Yesterday, I looked at Arsenal’s transfer business and concluded that they deserve an A minus! Well, I didn’t exactly state that, but if you read between the lines, you would have picked that up. After all, the Gunners are supposed to be A-grade students of the game, but they would have just about managed a C Grade at GCSE level in the last campaign!
Now let’s take a look at the clubs with names that start with B, some of whom would be more than happy with Arsenal’s final position of 6th in the class behind Man City (1st), Man Utd (2nd), Spurs (3rd), Liverpool (4th) and Chelsea (5th). Those boys ought to be made prefects! Erm, then again, maybe not!
However, how about the bad boys in the Premier League class? By that, I mean the teams that are not expected to do well.
You could say that Bournemouth are one of the ‘goody-two-shoes’ in the class, with their polished football skills and comparative lack of disciplinary points. However, being one of the teachers’ pets didn’t help Swansea much, as they hurtled down a division last time around. Therefore, it’s more about grit and determination (or a bit of foul play), if you want to excel. Into the engine room of midfield comes David Brooks from Sheffield United for a fee that could reach £11.5m. Perhaps the ex-Blade will provide a cutting edge for the Cherries, but with the £18m-plus-worth of offensive exits, which includes: Benik Afobe (10 goals in 63 appearances), Lewis Grabban (who couldn’t seem to find the net enough in the Premier League), and the attacking but misfiring Max Gradel, clearly the club are looking to bring in someone more proven in the goalscoring department (despite scoring a not-too-shabby total 45 goals in 38 games last time around). They’d better get their skates on as there’s not long to go until the transfer window shuts!

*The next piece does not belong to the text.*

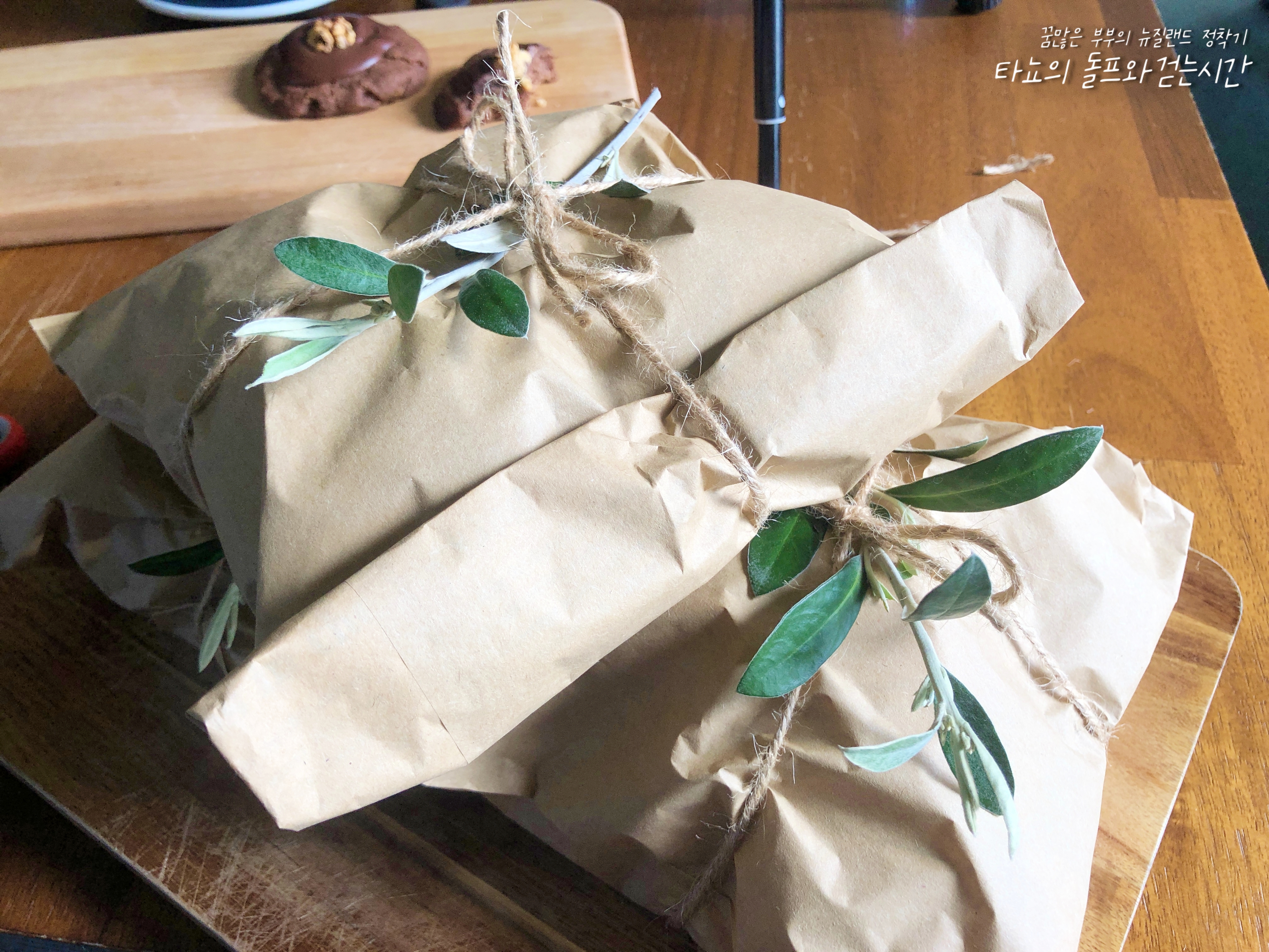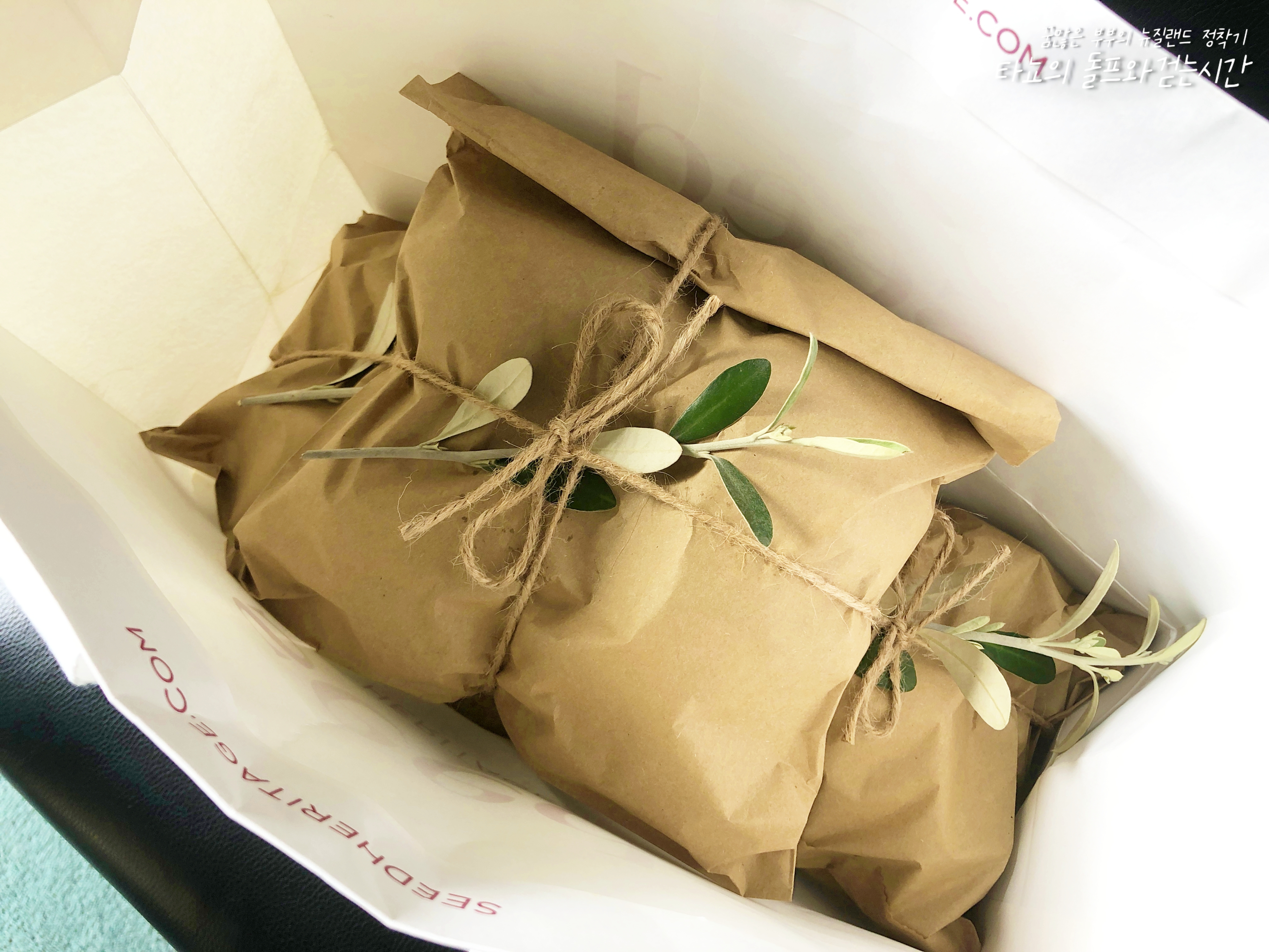 정원에 조경 나무가 많으니 좋은 것은 뭐 포장할 때 이런 잎사귀 잘라서 꽂아주기 좋다는 거? 포장 이쁘게 잘 돼서 대만족!

Next up, let’s look at Brighton. Everyone (well, almost everyone!) has been hailing the Seagulls manager, Chris Hughton, for being Mr Shrewd (not Scrooge!) on the transfer front. My only concern is too much change is not necessarily a good thing, as Brighton have brought in: Yves Bissouma from Lille to strengthen midfield, and Leo Balogun to bolster the defence. Aside from that, Brighton have recruited decent keepers in David Button, Jason Steele and the promising Hugo Keto, while taking a bit of a risk on Bernardo, Percy Tau, and the not-exactly-prolific Romania international striker Florin Andone. Not counting ‘undisclosed’ transfer fees, Brighton have spent in excess of £30m on eight players, while five have been sold or allowed to leave. That’s quite a turn-over, and Brighton’s success next season depends on how well Hughton can help the new arrivals to settle. Personally, I think it’s going to be a tough season ahead for Brighton.

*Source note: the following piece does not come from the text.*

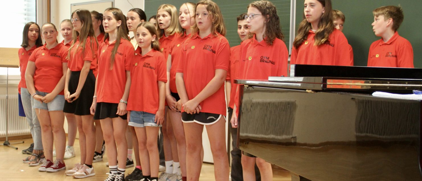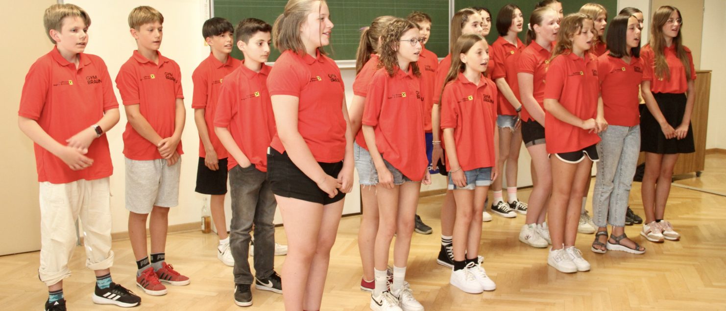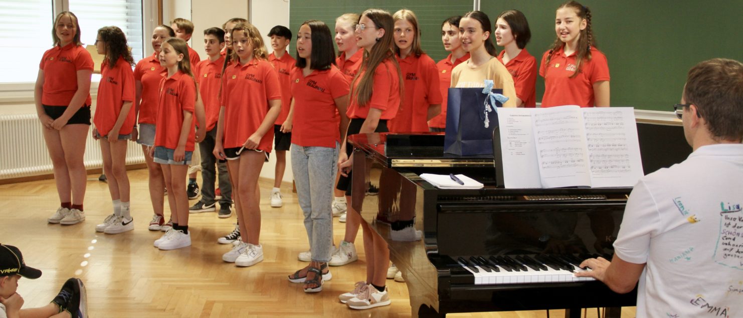 Mit einem Best-of-Programm aus einem sehr umfangreichen Repertoire, das in zwei Schuljahren erarbeitet wurde, begeisterte die Chorklasse 2A unter der Leitung ihres Klassenvorstands und Chorleiters Matthias Kritzinger die Besucherinnen und Besucher des Vortragsabends am 29. Juni im Musiksaal.
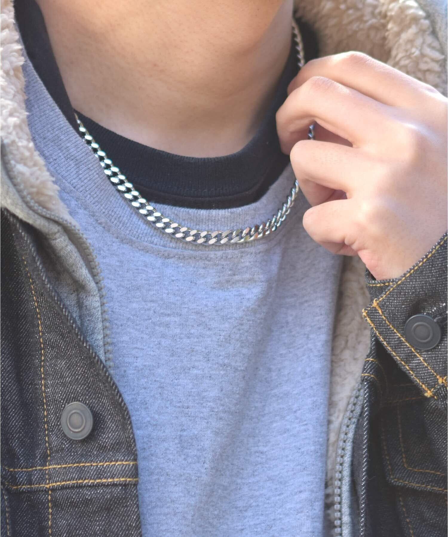 WEBストア限定商品 ペンダントをつけないメンズファッション注目のチェーンネックレス 【チェーンネックレス/6.5mm幅カット喜平/50cm】 ペンダントトップをつけない、トレンドのシンプルなチェーンネックレス。 クリップの横に、ライオンハートロゴ入りプレートがデザインされています。 チェーンの長さはベーシックな50cmで、程よいボリューム感が特徴。 部分的にメッキを施したブラックとシルバーの2色展開です。 オーバーサイズのTシャツなどトレンドのストリートスタイルやセットアップスタイルにピタっとハマります。 程よく存在感のあるボリュームで、全体の長さも長すぎずすっきりとした印象になるように設計されています。 アレルギーに強いステンレス素材は、色の変化等にも耐性があり、シルバー素材や合金素材の色の変化が気になる方にもおすすめです。 【LH-1-エルエイチワン-】 「初めて着けるアクセサリーがライオンハートである様に」という想いから生まれた、ファッション・スタイル・シーンを選ばないデイリーユースなコレクション。 【LION HEART-ライオンハート-】 1996年から続くドメスティックブランド。 ブランドコンセプトは『常に変化を恐れず 新たな価値観をシェアし続ける アクセサリーブランド。』 ※クリップバネ故障や変色の原因となりますので入浴や海水浴等、水場でのご使用はお控えください。 ■チェーン全長 50cm ■素材 サージカルステンレス ■サイズ詳細 【チェーン幅】0.65cm【重量】46.5g

Now for the opposite extreme: Burnley. The Clarets in the transfer market reminds me of Peter Cook’s fictional adventure into the world of restaurants. When asked how business had been at the ‘Frog and Peach, Cook replied: ‘Let me answer that in two parts. There hasn’t been any business and nobody’s been’. It’s a bit like Burnley, who are reportedly hoping to land Vinny Steele from York City and Nantes’ Abdoulaye Toure. Meanwhile, two players have left, so it’s as you were at Turf Moor. That’s not necessarily a bad thing, as the Clarets over-achieved last season and could possibly prove difficult to beat once more, as long as they hold onto their much sought-after manager, Sean Dyche.
Nevertheless, it’s hard to imagine Burnley or the other teams above pushing Arsenal for 6th spot or above in the forthcoming season. The Gunners have certainly been much busier than two of the ‘B’s, when it comes to the transfer market.